El chico de las aletas se hace llamar Manuel de Aguas. Aún no parece claro que sea un animal acuático atrapado en el cuerpo de un humano, más bien una “identidad en exploración”, como él declara, con afán de añadir nuevos sentidos a los que ya posee. Sus aletas detectan cambios de presión, humedad y temperatura que los transfieren a través de un microchip de conducción ósea. La plasticidad neuronal y los fenómenos de neuroadaptación harán el resto, me digo, pero el artista se reservará para sí hasta dónde ha ido con el salto cualitativo. De momento ha recibido reacciones de rechazo tan intensas que se hace difícil que confiese la ventaja real de sus nuevos miembros.

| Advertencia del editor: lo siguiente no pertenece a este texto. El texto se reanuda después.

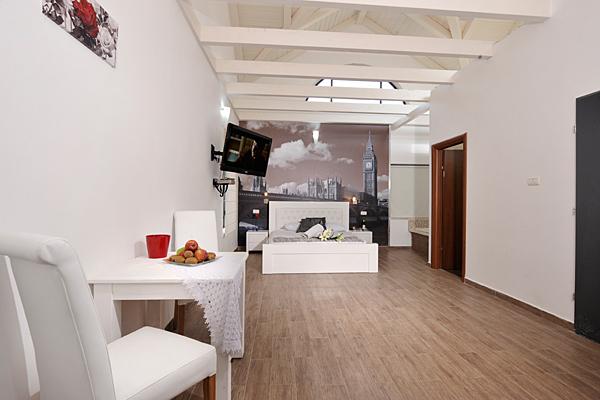 | טרקלין אירוח - | טרקלין אירוח יוקרתי, פינת ישיבה סלונית מהודרת, מסך LCD 50" עם חיבור ללווין (YES), שולחן בר יוקרתי, פינת אוכל המותאמת ל- 12 סועדים |

Exploramos nuevas identidades, ¿es sólo insatisfacción? La biomejora va en aumento y pronto dejará de ser un tema de debate ético. Hace mucho que traspasó la línea de la salud para saltar al puro capricho y lo bello, lo olvidamos fácilmente, es un mero consenso. Si uno se remonta al primer intento de transgredir la naturaleza, la vista se pierde hasta el origen de la humanidad. Desde los primeros rituales ha estado presente y pasa por la irrupción de los antibióticos y las prótesis mamarias o los transplantes de órganos. Harbisson, el primer ciborg o humano unido biológicamente a la tecnología (tiene una antena, no la lleva), discrimina entre los transhumanos y los transespecies que, como él, no aspiran a tener superpoderes sino a estar mejor conectados con el entorno. Por ello lidera la Fundación Cyborg, que opera hace diez años, y ayuda a los interesados a seguir su estela. De Aguas, de tanto fotografiarlo en Barcelona, se ha acabado integrando en sus filas.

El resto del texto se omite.